Task goal: In the records below, the relevant part opens with the line containing "Исследовательский проект почему" and closes with the line containing "为持续深化防范电信网络诈骗犯"; print that part exactly and only, without its pictures.

Provided information:
--------------------

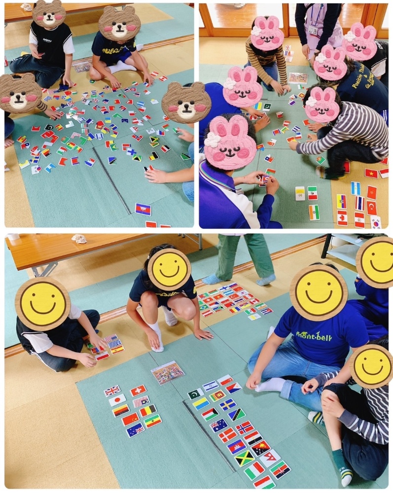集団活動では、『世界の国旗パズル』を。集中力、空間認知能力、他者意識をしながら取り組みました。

--------------------

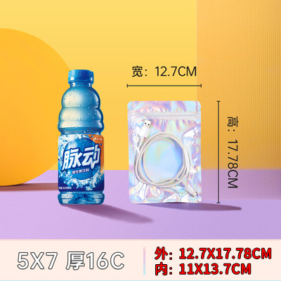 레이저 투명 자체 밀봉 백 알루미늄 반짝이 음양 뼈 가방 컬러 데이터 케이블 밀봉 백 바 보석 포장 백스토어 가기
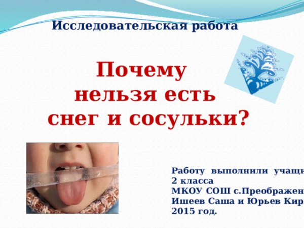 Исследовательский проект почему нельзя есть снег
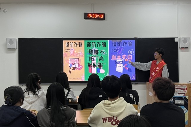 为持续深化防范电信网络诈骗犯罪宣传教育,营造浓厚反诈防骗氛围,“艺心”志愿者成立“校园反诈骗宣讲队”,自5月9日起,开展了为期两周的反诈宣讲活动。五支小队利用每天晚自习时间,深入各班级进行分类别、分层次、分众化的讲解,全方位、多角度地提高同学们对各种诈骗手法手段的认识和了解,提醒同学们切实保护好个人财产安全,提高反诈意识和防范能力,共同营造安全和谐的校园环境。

--------------------

Response to the exercise:
 Исследовательский проект почему нельзя есть снег
 为持续深化防范电信网络诈骗犯罪宣传教育,营造浓厚反诈防骗氛围,“艺心”志愿者成立“校园反诈骗宣讲队”,自5月9日起,开展了为期两周的反诈宣讲活动。五支小队利用每天晚自习时间,深入各班级进行分类别、分层次、分众化的讲解,全方位、多角度地提高同学们对各种诈骗手法手段的认识和了解,提醒同学们切实保护好个人财产安全,提高反诈意识和防范能力,共同营造安全和谐的校园环境。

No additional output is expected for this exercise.